Anybody grow og raskal?i herd its more potent than tahoe og.I also would like to know if abusive og is from cali connection and where do they sell seeds if so.


----------



## THESkunkMunkie (Oct 27, 2011)

I've grown out Tahoe, DeadHead and Jedi Kush. All 3 I highly rate as ones to try, but for me the Tahoe OG is the best of the bunch.





















^^ DeadHead OG 





















^^ Jedi Kush





















^^ Tahoe OGK


----------



## firsttimer86 (Oct 27, 2011)

THESkunkMunkie said:


> I've grown out Tahoe, DeadHead and Jedi Kush. All 3 I highly rate as ones to try, but for me the Tahoe OG is the best of the bunch.
> 
> 
> 
> ...


Skunk everytime I see your pics my mouth waters... You sir know how to grow dank!


----------



## CR500ROOST (Oct 27, 2011)

Great pics skunkMunkie you truly could grow some dank ass weed.Everybody keep posting.


----------



## The Chemist Brothers (Oct 27, 2011)

Between the larry og and blackwater i grew, blackwater gets my vote.


----------



## racerboy71 (Oct 27, 2011)

i've grown the larry, and it was dank, don't get me wrong, but i wasn't too fond of the lemony taste, i much prefer a more kushy taste to my kushe's for some odd reason... 
and yah, we've all seen skunk's tahoe grow, and he says it's some straight fire, which is enough for me as tend to heavily value his opinion on these matters..
i'm growing the pre98 atm, and i'm going to flip them to flower tonight.. will yet you all know how they turn out..

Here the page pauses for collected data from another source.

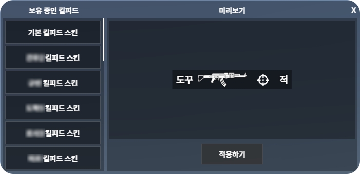 단축키 F6를 눌러 킬피드메뉴에 접근할 수 있습니다. 킬피드는 이벤트 참여 또는 개인 킬피드 스킨 신청을 통해 획득할 수 있습니다.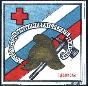 1915 1915(?) г. Разм. рамки 46 х 45 мм. Многоцветная печать на белой бумаге. В двойной прямоугольной рамке в центре на фоне диагональной ленты цветов российского флага каска пожарного и топорик. По окружности на ленте текст: «В пользу Императорского Всероссийского Пожарн[ого]. Санитарн[ого]. Поезда №63». В левом верхнем углу красный крест. В левом нижнем углу текст: «г. Двинск». Под рамкой слева внизу выходные данные мелким латинским шрифтом: «Lit. Record».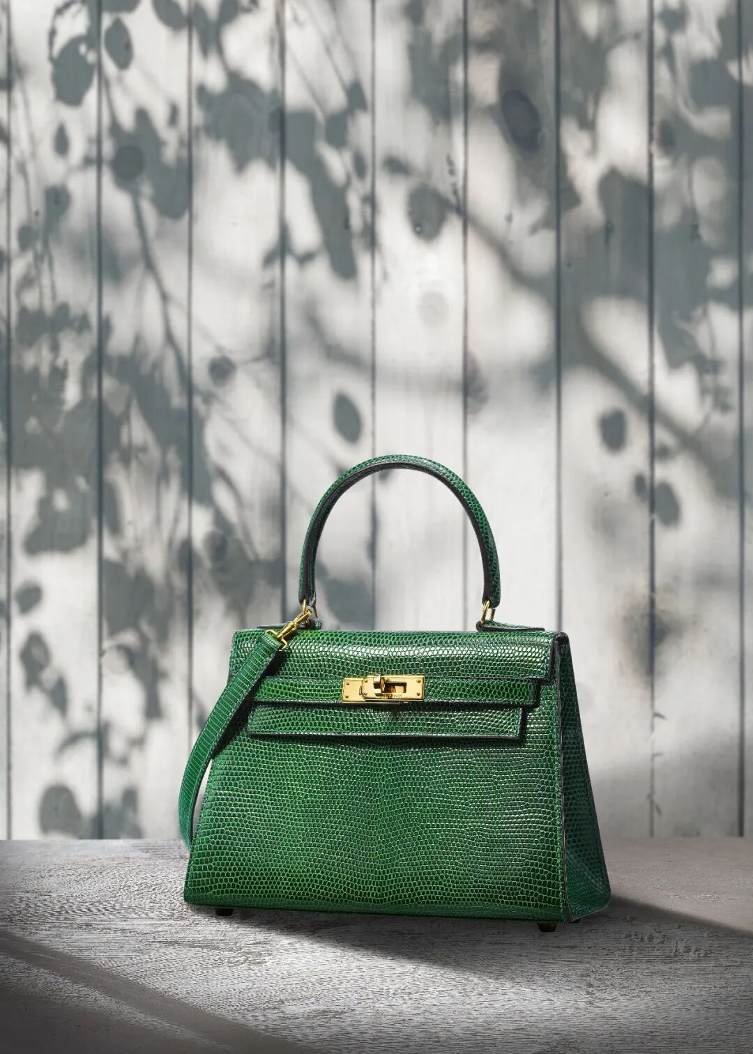 在愛馬仕的絢麗色譜裡,翡翠綠色為最富盛名的色彩之一,亦是極為稀有的顏色,通常用於鱷魚皮手袋上。翡翠綠色的亮面蜥蜴皮手袋產量比鱷魚皮更為稀少,使這個品相極佳的迷你凱莉手袋更為稀有。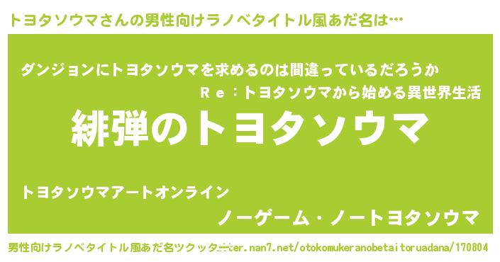 | 意味不明あだ名 | 『とにかく怪しいトヨタソウマ』 |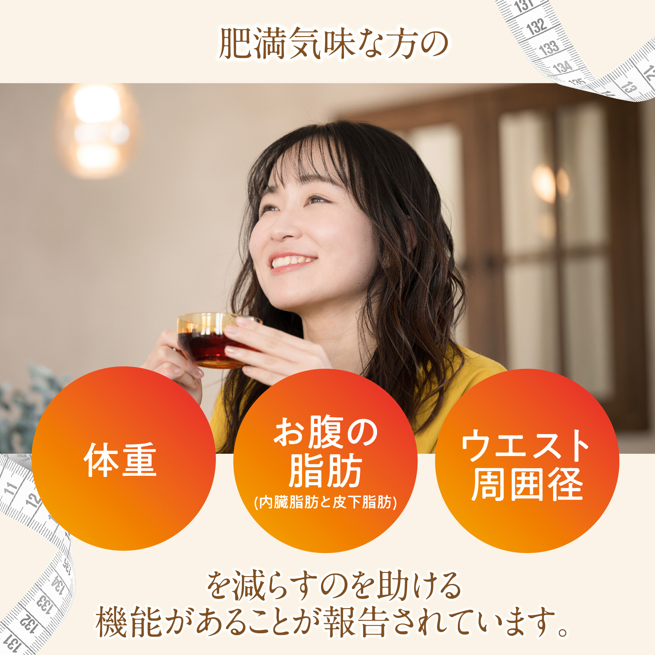 毎日の一杯で気になるおなかまわり※にアプローチ ※肥満気味なウエスト周囲径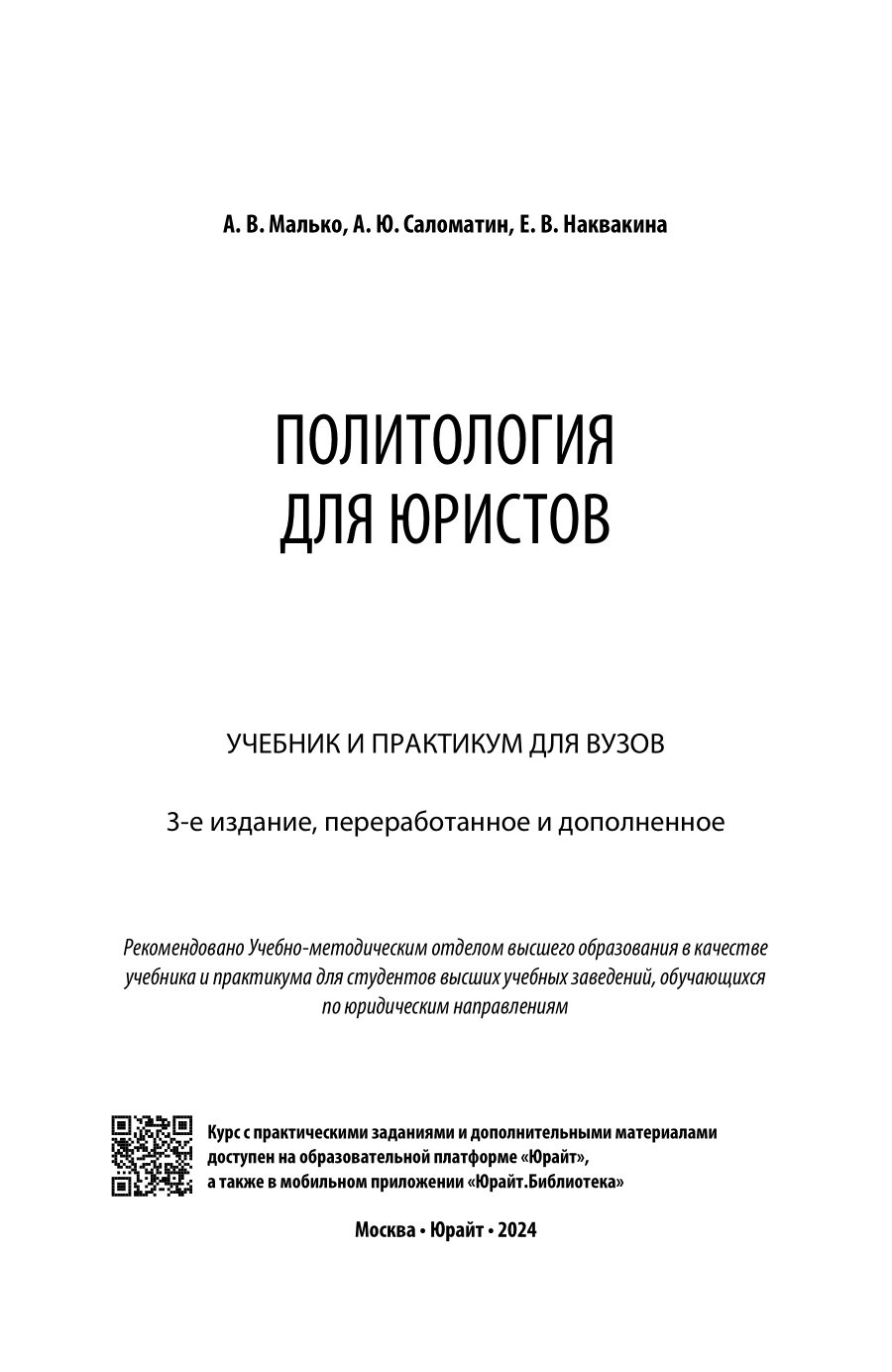 Политология для юристов 3-е изд. пер. и доп. Учебник и практикум для вузов (Малько Александр Васильевич, Саломатин Алексей Юрьевич, Наквакина Екатерина Владимировна), 2023

i had the raskal og, but i fucking lost the beans in a mishap and haven't been able to find them, but i've heard that the raskal was one of the ones that had an auto problem, but i'm not 100% on that, but my man skunk munkie told me this, so i tend to believe him, and they have since pulled that strain from their lineup for w/e reasons..


----------



## CR500ROOST (Oct 28, 2011)

racerboy71 said:


> i've grown the larry, and it was dank, don't get me wrong, but i wasn't too fond of the lemony taste, i much prefer a more kushy taste to my kushe's for some odd reason...
> and yah, we've all seen skunk's tahoe grow, and he says it's some straight fire, which is enough for me as tend to heavily value his opinion on these matters..
> i'm growing the pre98 atm, and i'm going to flip them to flower tonight.. will yet you all know how they turn out..
> 
> i had the raskal og, but i fucking lost the beans in a mishap and haven't been able to find them, but i've heard that the raskal was one of the ones that had an auto problem, but i'm not 100% on that, but my man skunk munkie told me this, so i tend to believe him, and they have since pulled that strain from their lineup for w/e reasons..


Nice do you have any pics?


----------



## CR500ROOST (Oct 29, 2011)

Come on everybody I know we have some Cali connection fans out there


----------



## Dwezelitsame (Oct 29, 2011)

skunk dose are nice 

my favs the hoe an bub


----------



## konagirl420 (Nov 1, 2011)

I was just thinking about getting the Blackwater  Now I def want it!!!!!!


----------



## CR500ROOST (Nov 1, 2011)

konagirl420 said:


> I was just thinking about getting the Blackwater  Now I def want it!!!!!!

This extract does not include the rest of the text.